Can you show us visible proof of the size of your data and the storage systems you have there?

As last question i would like you to fill out this form to provide us with the necessary information to make a educated decision on your LDN request if we would like to support it.

Thanks!

whymichaelgu1 commented 1 year ago

@cryptowhizzard @Sunnyiscoming @raghavrmadya @Kevin-FF-USA I was a IPFS fan and recommended to the filecoin FIL+ program. Regardless of how the applicaiton goes, one can not help noticing how this program has become. I don't mind @cryptowhizzard ask questions, the tougher the better, I just hope the notary community has the decency and courtesy to ask those questions 40 days earlier, especailly @Sunnyiscoming, I mean, @Sunnyiscoming are you that ineffeicent for all applications, I hope not, I really hope @raghavrmadya @Kevin-FF-USA @cryptowhizzard can do some DD on notaries as well, it has become a joke, a place to trade datacap for profits. I doubt @raghavrmadya @Kevin-FF-USA don't know that, please check those applicaions that approved with light speed and those which left unattended for monthes. Good luck to Filecoin,, but if this system keeps this of corruption, I don't think Filecoin can go anywhere, notary system is not a centralized system, it is a corrupted system, which is quite a shame to the web3.0 world

Sunnyiscoming commented 1 year ago

Due to the large number of datasets, some applications were submerged. Sorry for the delay. You can ask notaries do direct due diligence.

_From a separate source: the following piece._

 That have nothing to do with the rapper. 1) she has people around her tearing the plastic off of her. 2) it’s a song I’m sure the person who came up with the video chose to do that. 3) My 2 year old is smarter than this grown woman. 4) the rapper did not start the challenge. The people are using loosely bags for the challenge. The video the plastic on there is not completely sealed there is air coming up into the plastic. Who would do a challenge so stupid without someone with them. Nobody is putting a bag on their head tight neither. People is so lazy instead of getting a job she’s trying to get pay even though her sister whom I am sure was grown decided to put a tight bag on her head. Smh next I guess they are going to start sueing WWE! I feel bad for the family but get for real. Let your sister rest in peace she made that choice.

Sunnyiscoming commented 1 year ago

Datacap Request Trigger

Total DataCap requested

5PiB

Expected weekly DataCap usage rate

150TiB

Client address

f1xppiiufu6rn22zi6d6gq2ivc23updomtl7ainbq

large-datacap-requests[bot] commented 1 year ago

DataCap Allocation requested

Multisig Notary address

f01858410

Client address

f1xppiiufu6rn22zi6d6gq2ivc23updomtl7ainbq

DataCap allocation requested

75TiB

Id

34960cfe-6ccb-4df6-880f-a23ca2a60b4c

cryptowhizzard commented 1 year ago

Hi @whymichaelgu1

I want to get you going and appreciate you want to try Filecoin. Sorry it took so long.

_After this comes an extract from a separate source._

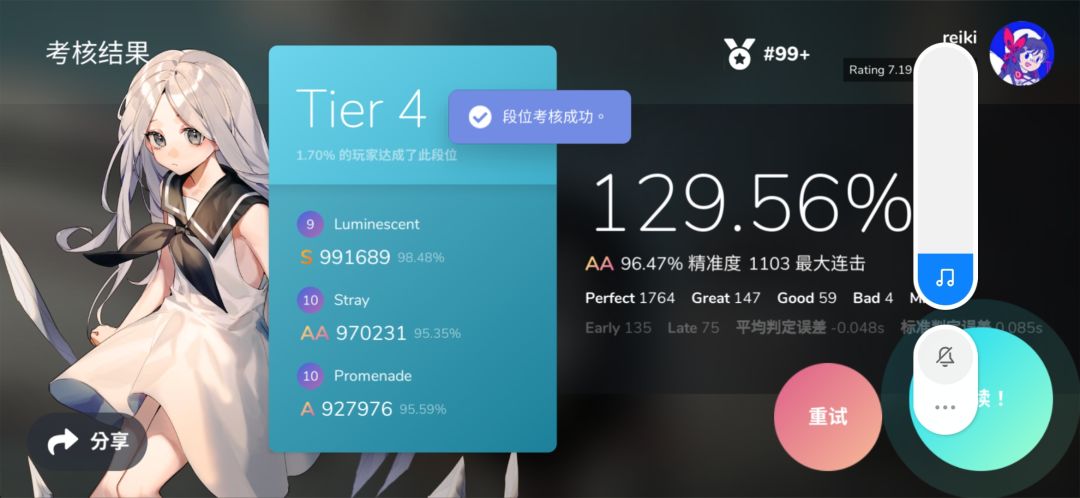 不过手感好也是真的。第一首全连诶~全连!全!~连!!打完98.5的准度就已经够我受的了(指心跳

Can you please fill out the KYC so i know who you are? I will try to get you moving on asap.

whymichaelgu1 commented 1 year ago

@cryptowhizzard KYC submitted

cryptowhizzard commented 1 year ago

Request Proposed

Your Datacap Allocation Request has been proposed by the Notary

Message sent to Filecoin Network

bafy2bzacebqqjs7njf7njejxclnnfbnrtb7yl2scfspc4njxuyk3ilzjteyyc

Address

f1xppiiufu6rn22zi6d6gq2ivc23updomtl7ainbq

Datacap Allocated

75.00TiB

Signer Address

f1krmypm4uoxxf3g7okrwtrahlmpcph3y7rbqqgfa

Id

34960cfe-6ccb-4df6-880f-a23ca2a60b4c

You can check the status of the message here: https://filfox.info/en/message/bafy2bzacebqqjs7njf7njejxclnnfbnrtb7yl2scfspc4njxuyk3ilzjteyyc

whymichaelgu1 commented 1 year ago

@Sunnyiscoming can you sign this LDN please, thank you

kernelogic commented 1 year ago

Request Approved

Your Datacap Allocation Request has been approved by the Notary

Message sent to Filecoin Network

bafy2bzacebdkc35k2aymzflgsp534nysuwc4mzpnjccbbse67lsuevyms2ezi

Address

f1xppiiufu6rn22zi6d6gq2ivc23updomtl7ainbq

Datacap Allocated

75.00TiB

Signer Address

f1yjhnsoga2ccnepb7t3p3ov5fzom3syhsuinxexa

Id

34960cfe-6ccb-4df6-880f-a23ca2a60b4c

You can check the status of the message here: https://filfox.info/en/message/bafy2bzacebdkc35k2aymzflgsp534nysuwc4mzpnjccbbse67lsuevyms2ezi

large-datacap-requests[bot] commented 1 year ago

DataCap Allocation requested

Request number 2

Multisig Notary address

f02049625

Client address

f1xppiiufu6rn22zi6d6gq2ivc23updomtl7ainbq

DataCap allocation requested

150TiB

Id

0acd36ec-fe0b-4593-ab64-2116cda9de2c

large-datacap-requests[bot] commented 1 year ago

Stats & Info for DataCap Allocation

Multisig Notary address

f01858410

Client address

f1xppiiufu6rn22zi6d6gq2ivc23updomtl7ainbq

Rule to calculate the allocation request amount

100% of weekly dc amount requested

DataCap allocation requested

150TiB

Total DataCap granted for client so far

75TiB

Datacap to be granted to reach the total amount requested by the client (5PiB)

4.92PiB

Stats

Number of deals Number of storage providers Previous DC Allocated Top provider Remaining DC
1382 3 75TiB 33.94 18.03TiB
woshidama323 commented 1 year ago

checker:manualTrigger

filplus-checker-app[bot] commented 1 year ago

DataCap and CID Checker Report Summary[^1]

Retrieval Statistics

⚠️ All retrieval success ratios are below 1%.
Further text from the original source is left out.